Extracted material
******************************

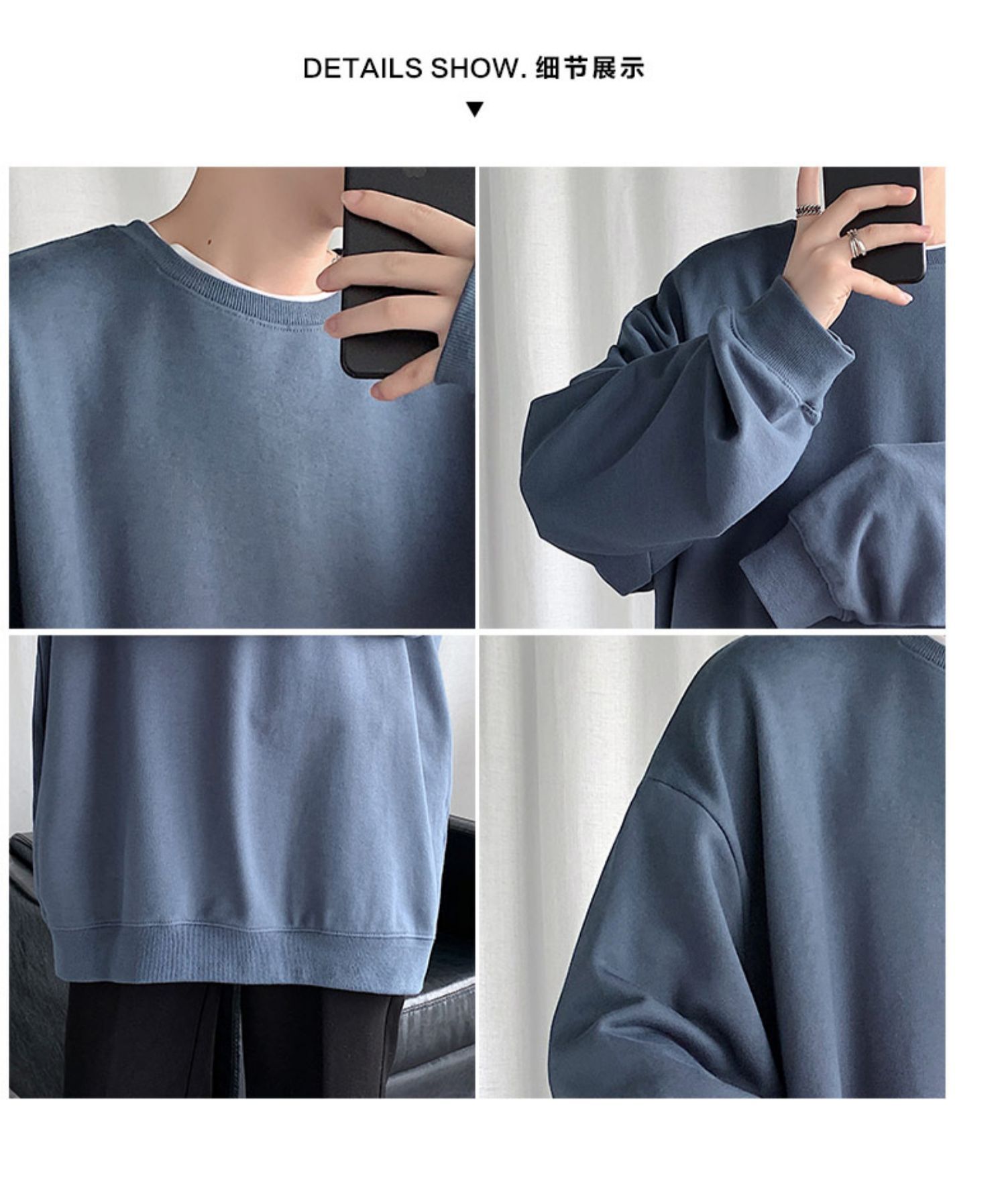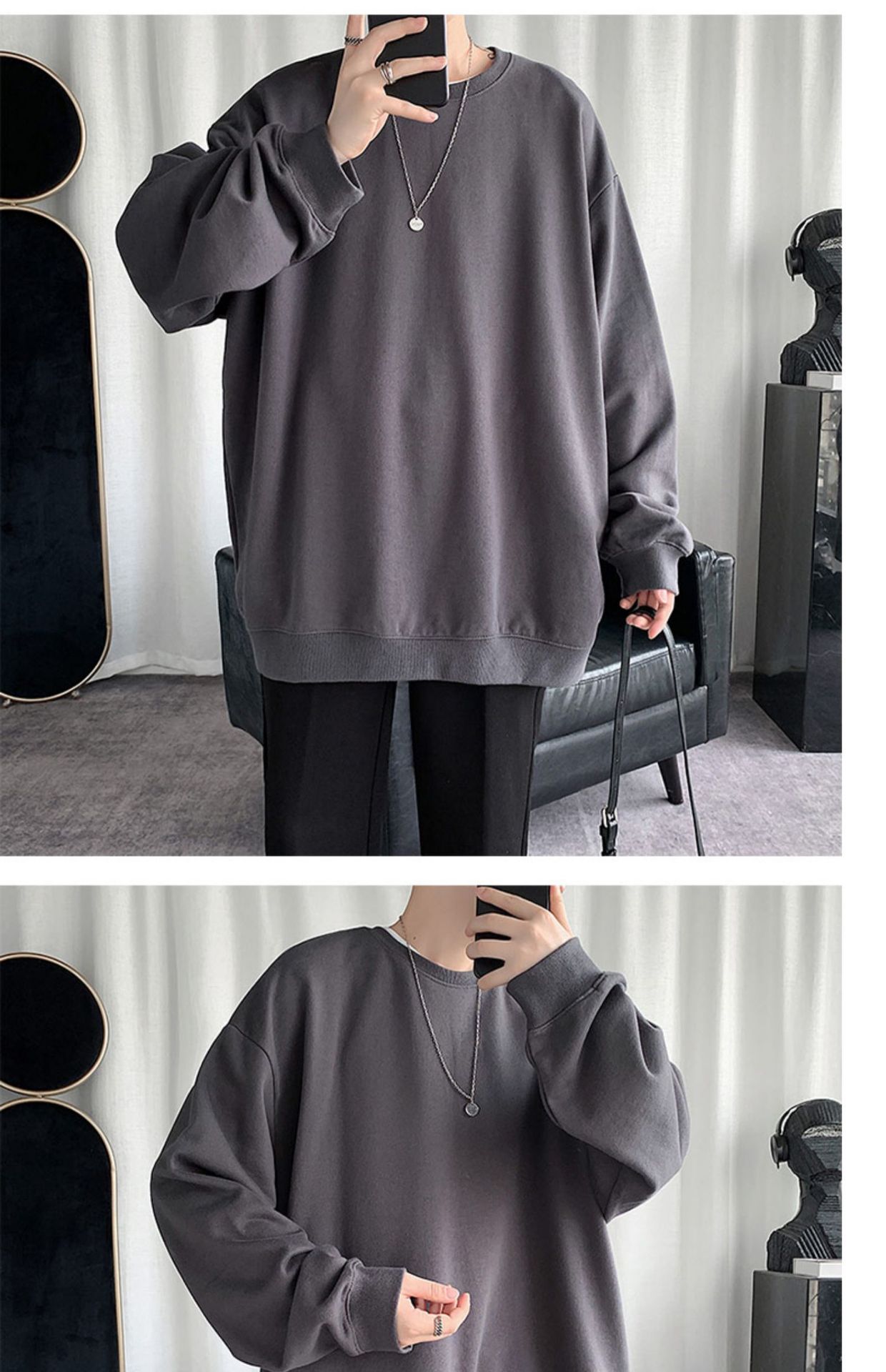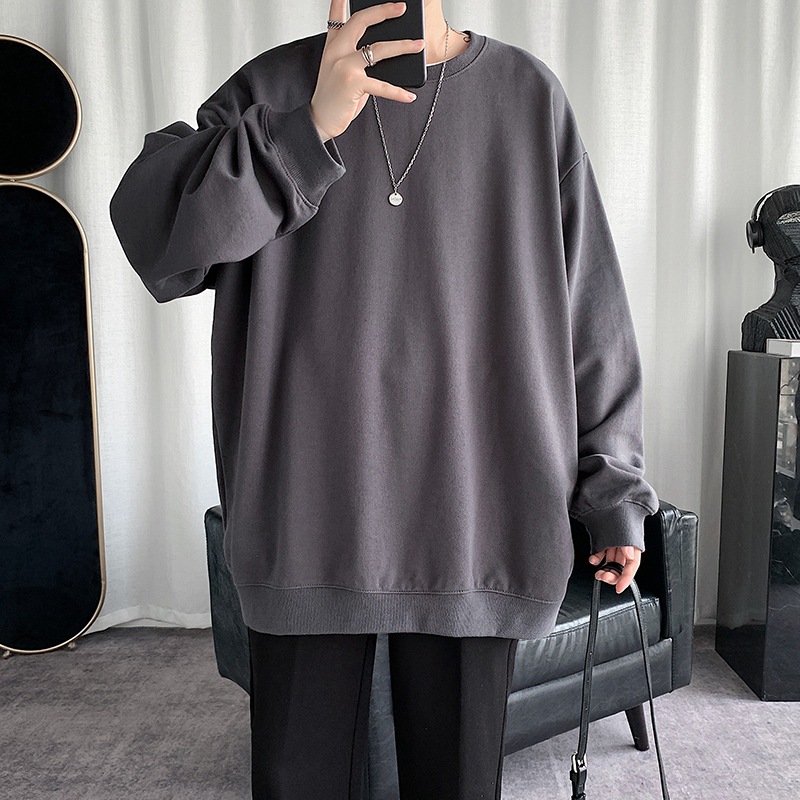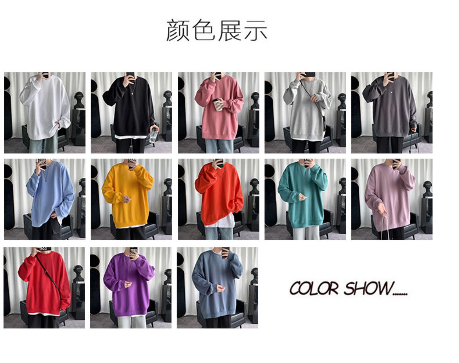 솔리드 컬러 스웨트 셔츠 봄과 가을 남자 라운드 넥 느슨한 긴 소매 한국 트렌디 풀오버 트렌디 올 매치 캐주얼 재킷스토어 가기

******************************

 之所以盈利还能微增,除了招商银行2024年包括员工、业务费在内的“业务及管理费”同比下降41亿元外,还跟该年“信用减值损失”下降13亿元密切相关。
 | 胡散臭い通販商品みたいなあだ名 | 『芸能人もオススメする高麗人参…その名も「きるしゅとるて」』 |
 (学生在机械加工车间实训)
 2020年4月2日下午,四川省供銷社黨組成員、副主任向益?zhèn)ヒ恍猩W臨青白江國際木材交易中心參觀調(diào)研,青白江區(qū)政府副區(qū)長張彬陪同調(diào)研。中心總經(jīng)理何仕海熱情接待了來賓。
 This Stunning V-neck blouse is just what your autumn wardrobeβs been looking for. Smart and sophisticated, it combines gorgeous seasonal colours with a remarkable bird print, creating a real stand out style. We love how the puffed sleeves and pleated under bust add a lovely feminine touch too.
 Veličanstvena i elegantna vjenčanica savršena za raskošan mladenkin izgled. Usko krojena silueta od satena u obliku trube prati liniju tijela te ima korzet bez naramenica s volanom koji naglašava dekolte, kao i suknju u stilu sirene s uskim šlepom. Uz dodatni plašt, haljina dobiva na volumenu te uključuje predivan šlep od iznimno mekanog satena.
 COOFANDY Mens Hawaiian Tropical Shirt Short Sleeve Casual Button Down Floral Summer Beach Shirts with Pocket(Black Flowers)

******************************

Instructions to follow
Once you find the line with "(学生在机械加工车间实训)" in the entries above, output it and each line after it up to and including the line with "COOFANDY Mens Hawaiian", and nothing else.

Answer below
 (学生在机械加工车间实训)
 2020年4月2日下午,四川省供銷社黨組成員、副主任向益?zhèn)ヒ恍猩W臨青白江國際木材交易中心參觀調(diào)研,青白江區(qū)政府副區(qū)長張彬陪同調(diào)研。中心總經(jīng)理何仕海熱情接待了來賓。
 This Stunning V-neck blouse is just what your autumn wardrobeβs been looking for. Smart and sophisticated, it combines gorgeous seasonal colours with a remarkable bird print, creating a real stand out style. We love how the puffed sleeves and pleated under bust add a lovely feminine touch too.
 Veličanstvena i elegantna vjenčanica savršena za raskošan mladenkin izgled. Usko krojena silueta od satena u obliku trube prati liniju tijela te ima korzet bez naramenica s volanom koji naglašava dekolte, kao i suknju u stilu sirene s uskim šlepom. Uz dodatni plašt, haljina dobiva na volumenu te uključuje predivan šlep od iznimno mekanog satena.
 COOFANDY Mens Hawaiian Tropical Shirt Short Sleeve Casual Button Down Floral Summer Beach Shirts with Pocket(Black Flowers)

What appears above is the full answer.